Pearl Hubbard picked up some yard signs for Kamala Harris at the vice-president’s speech in Phoenix, Arizona, on Thursday afternoon, but wasn’t yet sure whether she’d risk displaying them outside her home in a city that sits in some of the most hotly contested political territory in the country.

“I’m scared to put them up,” Hubbard said. “As I drive … I only saw one place that had a [Harris] sign. Just don’t see them. I think people are scared to put them up.”

After Joe Biden became the first Democrat since 1996 to win the state four years ago, Arizona’s capital and most-populous city, Phoenix, saw tense confrontations between local officials and Trump supporters who believed his baseless claims that the election was stolen from him.

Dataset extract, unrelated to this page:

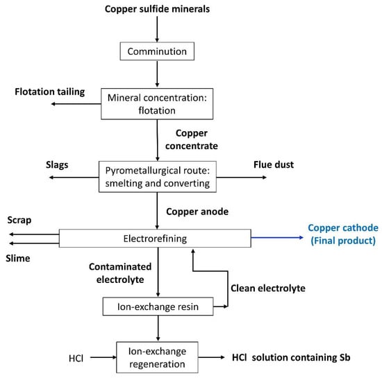 Lastly, the electrorefining stage aims at purifying the copper anode to generate the final copper product as a cathode. One of the major challenges in this process is controlling the concentration of metals in the tankhouse electrolyte that dissolve from the anode along with copper, such as arsenic, antimony, and bismuth. In general, the molar ratio of As/(Sb+Bi) is controlled and kept in a suitable range where Sb and Bi produce a minor effect. However, this increases health problems and the impurities are lost in the anode slime [30,31]. Antimony and bismuth are valuable metals widely used in semiconductor, thermoelectric, pharmaceuticals, chemicals, ceramics, and pigments, also being considered as critical elements by the European Commission [32,33]. Thus, extracting and recovering these metals from copper production has become increasingly important. In recent years, several methods have been tested for removing these impurities from tankhouse electrolytes, such as chemical precipitation [34,35], solvent extraction [36,37], using activated carbon [38,39], chemical leaching [40], electrodialysis [41], electrowinning [32], and ion-exchange resins [30,42]. Among these technologies, ion-exchange resins are used on industrial scale worldwide [30].

With the 5 November presidential election days away, Trump still refuses to publicly acknowledge his defeat in 2020, and has already suggested that if he loses this year, he will once again claim fraud. The allegations have changed life for formerly low-key election offices and secretaries of state nationwide, as they regularly face threats, hoaxes and harassment, especially in the seven swing states that are expected to decide the election.

Nerves are particularly stretched in Maricopa, the county in which Phoenix sits, and which will likely decide whether Harris or Trump, who has a narrow lead in recent polls, wins Arizona.

After Trump’s loss in the state in 2020, his supporters staged demonstrations in Phoenix’s streets. This time around, election officials in Maricopa county plan to have a Swat team and mounted sheriff’s deputies ready at the building where they tabulate ballots. Last week, Phoenix police arrested a man for setting fire at a postal box that damaged some mail-in ballots, though said the suspect said his actions were not politically motivated.

At Harris’s speech in Phoenix on Thursday, the vice-president told voters to prepare for “one of the most consequential elections of our lifetime” and criticized the former president for saying he’d protect women “whether the women like it or not”. But the question of what the former president’s supporters would do if he loses was on attendees’ mind.

“I would say that I definitely worry about that since he hasn’t conceded the last election,” said Bethany Hagen, 34, as she waited for a ride in the parking lot of the amphitheater where Harris spoke.

While no one the Guardian spoke to predicted imminent violence, many acknowledged that life in a swing state made participating in, or even discussing, politics a fraught experience.

“It is hard to talk to people here,” said Hagen, a Colorado native who had moved to the state.

Stacey Stocks, a resident of Surprise, a conservative suburb of Phoenix, was nervous about door-knocking for Harris in her neighborhood, but met no trouble when she did go out. But Stocks, 53, remains concerned that Trump will say something to incite his supporters, and believes the best way to head that off is for Harris to win definitively.

“I really hope that most people were appalled by what happened in January 6 and really motivated them, maybe this time around, to get out and actually vote,” she said. “I’m hoping that this will be a landslide.”

Ruth Murphy, a state Democratic party committee member, said she’s started taking in the political yard signs she displays at home every evening, after someone stole an earlier batch. But she believes Arizona officials this year are better prepared for whatever the election might bring.

“I know it can happen, but I think with the experiences that we’ve had in the past, we will be more ready for it, if it happens,” she said.